In the beginning, 39 Sandringham Rd was a condom factory. That was in the 1920s. Then it manufactured soft drinks, and after the war it became an ink factory. Next it became an industrial photographer's premises. When Skinner moved in, "It was like a rabbits' warren, lots of little dark rooms".

He says they've knocked down some walls since, but the building is still very much compartmentalised and true to its original state.

There's the aerials room, the computer room, the plugs and PC mount room. There are televisions everywhere in every state of undress, cables and electronic guts galore. Dead carcasses of videos and monitors and boom boxes abound.

It is a visitor's maze of an eyesore and a small boy's delight and a place of many treasures where everything has its place. Skinner goes to a room cluttered with gadgetry and paper work. "This is my office. It looks like chaos, but I seem to work it out."

On the wall downstairs is a letter from a member of the 20 per cent - the older customers - who seek treatment for their ailing wares. It comes from Mrs E. Wiley from faraway Papatoetoe and it is written with the floral hand of the aged. This is what it says:

Dear Mr Skinner,

Many thanks to you for fixing our PYE radio for me.

The reason I thought it was a coil, is, I took it late last year to [another company], who rang & said it was a coil, as it was so old, no parts available!!
So leads me to think that it hadn't been looked at, at all, after you finding no fault, except for earthy wire etc.

So once again, my thanks to you for such kind service, & lovely to have it going again. Will recommend you to folk in future.

I remain, Mrs E. Wiley

If Skinner sells up now, he will redeem what he sees as his superannuation scheme. He says the site is ripe for the completion of, say, a tidy apartment complex with maybe a cafe and a bar that will, from the third floor, give unfettered views across Sandringham Rd before the Rugby World Cup kick-off.

He thinks he might like to play a bit more golf. He's got a 19 handicap. "Six would be good, but I'm no spring chicken." And he thinks he might like to start up his business, on a smaller scale, elsewhere.
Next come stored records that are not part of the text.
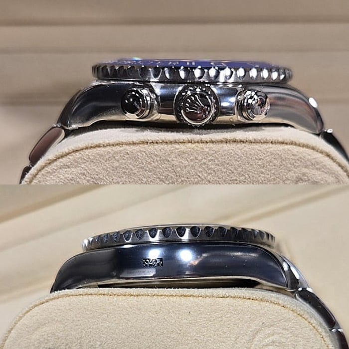 2時位置,4時位置ボタンはカウントダウン機能、クロノグラフ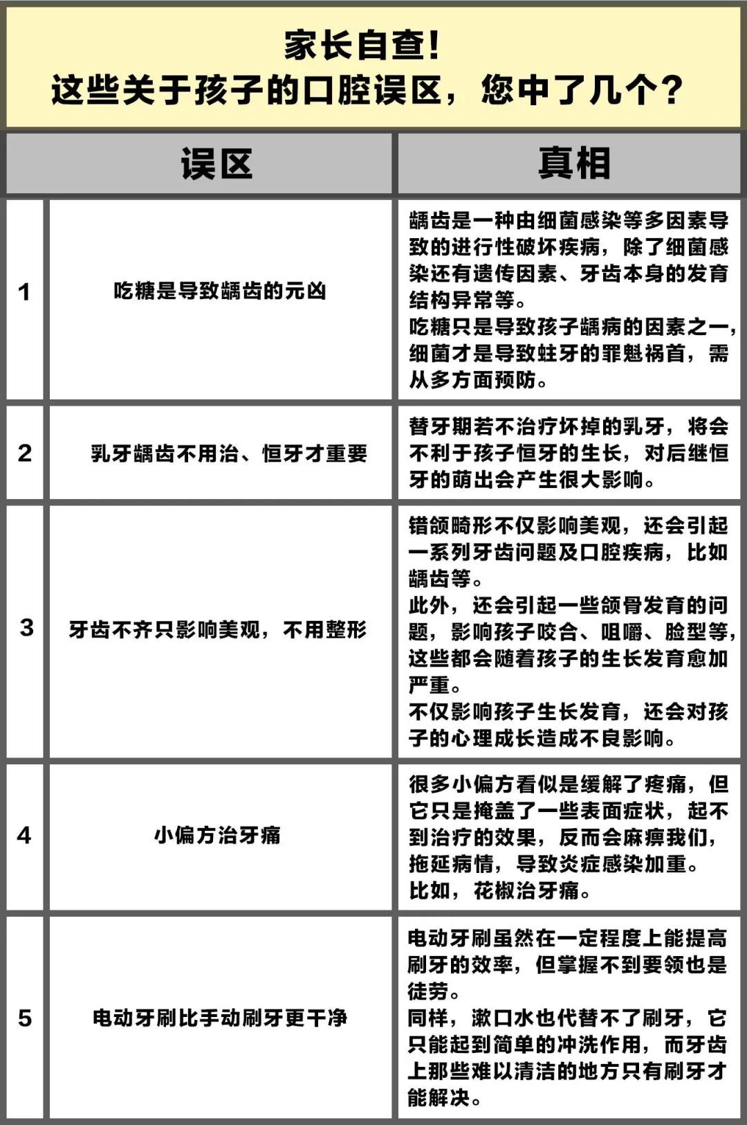 所以,牙齿的健康是孩子健康的一扇窗,作为家长我们要足够重视孩子的口腔问题。不要陷入陈旧的口腔疾病误区中,这样才能更好地保护孩子们健康的牙齿。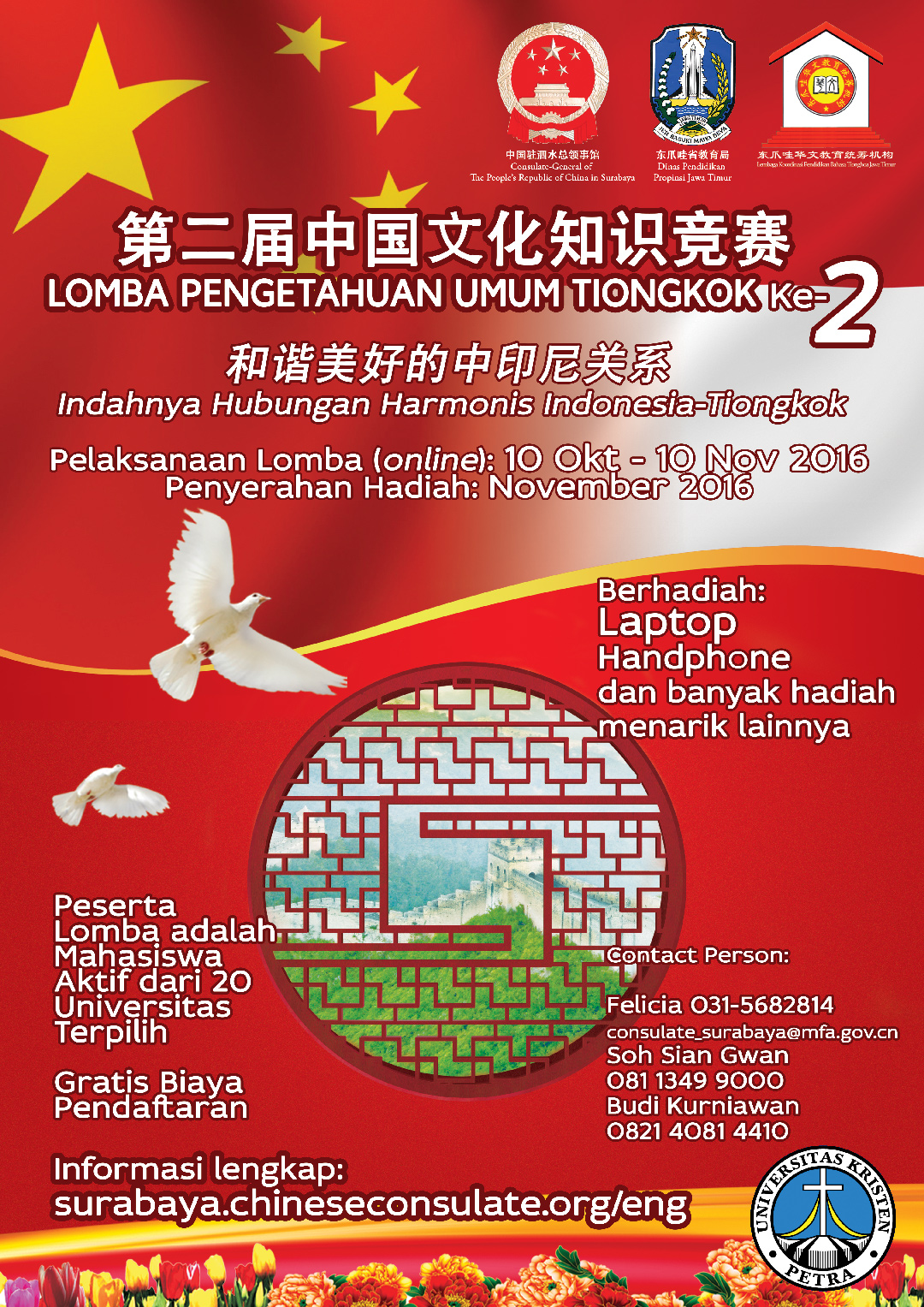 Program studi Sastra Tionghoa UK Petra Surabaya mengadakan lomba Pengetahuan Umum Tionghoa ke-2. Lomba ini mengangkat tema "Indahnya hubungan harmonis Indonesia-Tiongkok". Lomba diadakan pada tanggal 10 Oktober 2016 - 10 November 2016.

"I'm probably the oldest in the country doing it. We haven't trained an apprentice for years. I would sell the business [as a going concern] if I could sell it to the right person, but the right person would have to meet my criteria of fixing stuff."

It's an active job, he says - and he still wants something to do. "I can't play golf every day, or fish every day. I could get a smaller place and carry on until I've had enough.

So much is disposable these throw-away days. A tour of these premises is to be privy to the beauty of the past in its most chaotic - and restorative - form.

Telefix, like its owner, is not succumbing to any planned obsolescence.